It’s funny that the day my current town is named a Top 20 Small Town by the Smithsonian, I am missing the very town that Smithsonian is synonymous with. I’m never sure why it happens nor can I predict when it will, but it just keeps coming. No matter how long I am away and how fervently I declare I’m never going back, I still get sick for my old home.
It is different from missing other places. For instance the first crisp sunny day of every fall and the first warm week of spring, I miss my college town with an ache so deep that I’ve almost hopped in a car and driven the miles to get there. But that feeling, that ache, has everything to do with what life was like there-nearly perfect in its innocence. It is the same reason on cool summer nights I miss running the streets of Federal Hill in Baltimore. Because life then was grand and who wouldn’t miss that.

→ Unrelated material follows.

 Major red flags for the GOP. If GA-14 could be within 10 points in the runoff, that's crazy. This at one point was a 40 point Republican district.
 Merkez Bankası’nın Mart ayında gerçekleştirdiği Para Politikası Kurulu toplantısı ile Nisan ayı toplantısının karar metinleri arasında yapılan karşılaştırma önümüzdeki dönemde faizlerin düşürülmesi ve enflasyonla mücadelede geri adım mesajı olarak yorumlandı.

The homesickness I get for old Silver Spring or even DC is different. It’s missing my history, my old and dear friends, my familiar streets, the haunts of my youth and the beginnings of my adult life. I miss the elementary school where I hung out and drank warm beer with my high school friends. I miss my old church, that will always feel like home no matter how much it changes. I miss reading Springbrook scores in the newspaper and knowing The Husband could take the kids to see his Alma Mater play on the field right near our house one Saturday a year.
I miss my kids’ first friends, who by the glory of Facebook, I have had the priviledge of watching grow but to my children have become strangers. I miss my old babysitter and her little boy and wish they were here now, when I really could use them again. I miss girls’ nights with the girls that have known me forever and the new neighbors who felt like old friends as we helped ourselves to eachothers kitchen cabinet contents and wine on Friday nights. I miss shopping with my sisters once a year at outlet malls and the outdoor pool at the Y.

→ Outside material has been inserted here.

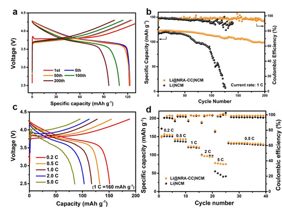 圖5. Li@NRA-CC匹配高電壓正極LiNi0.5Co0.2Mn0.3O2的液態(tài)全電池性能:(a-b) 1C倍率下充放電曲線和容量-循環(huán)圖;(c-d)倍率充放電曲線和容量-循環(huán)圖。

The thing is, I didn’t like myself much when I lived there. I spent most of my time in Maryland figuring trying to be MORE and being mostly disappointed in who I was. It seemed I never measured up to whatever ideal I was holding myself too, be it as a high school achiever, an respected teacher or a new mom, I was never a big fan of me.

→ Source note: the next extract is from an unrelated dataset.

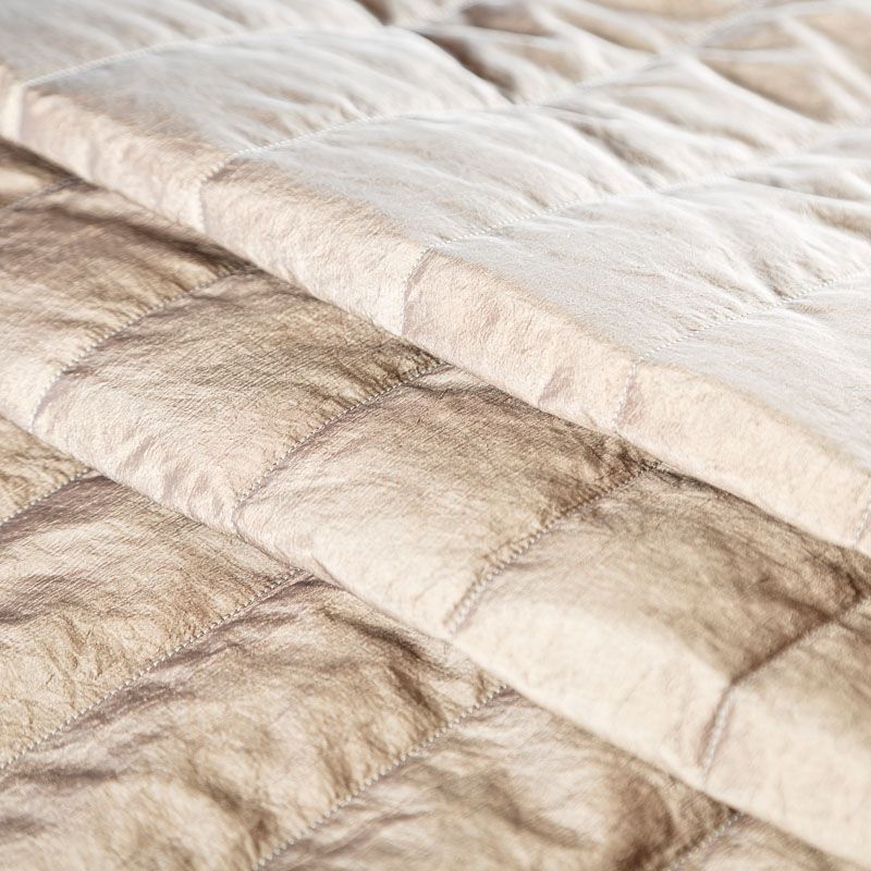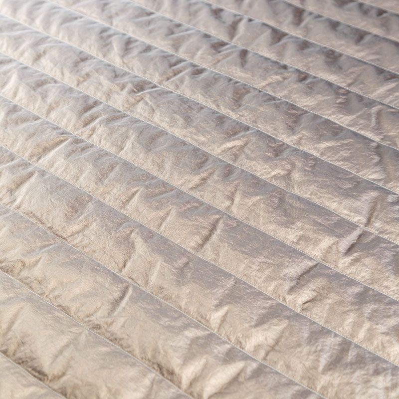 Итальяская двухслойная курточная ткань бронзового оттенка, простеганная широкими полосами вдоль кромки. Нижний слой - воздушный синтепоновый утеплитель, верхний - матовая, слегка жатая плотная плащевая ткань. Очень мягкая и легкая, пластичная, хорошо драпируется. Прекрасно подойдет для  пошива легких пальто, бомберов, парки, курток, жилетов, накидок-кейпов, объемных сумок.

Here? Well, it’s different. I’ve stretched and grown and really dared to do things I never had the courage to do before. Moving to a strange place and having to create a life has a way of making one a little less timid about trying new things. It’s hard to feel bad about what you’ve accomplished when everyday feels like an accomplishment.
Maybe that’s what I miss-not having to try so hard. Because for better or worse, in Maryland I knew who I was. I knew where I belonged. I knew where I fit and what was meant for me whether I liked it or not.
Here? I’m still figuring it all out, who I am, where I it and what is meant for me. Nearly every day there is something new and while it is mostly exciting and I’m grateful for it, it can be a lonely proposition, one that might leave someone a little sick from time to time.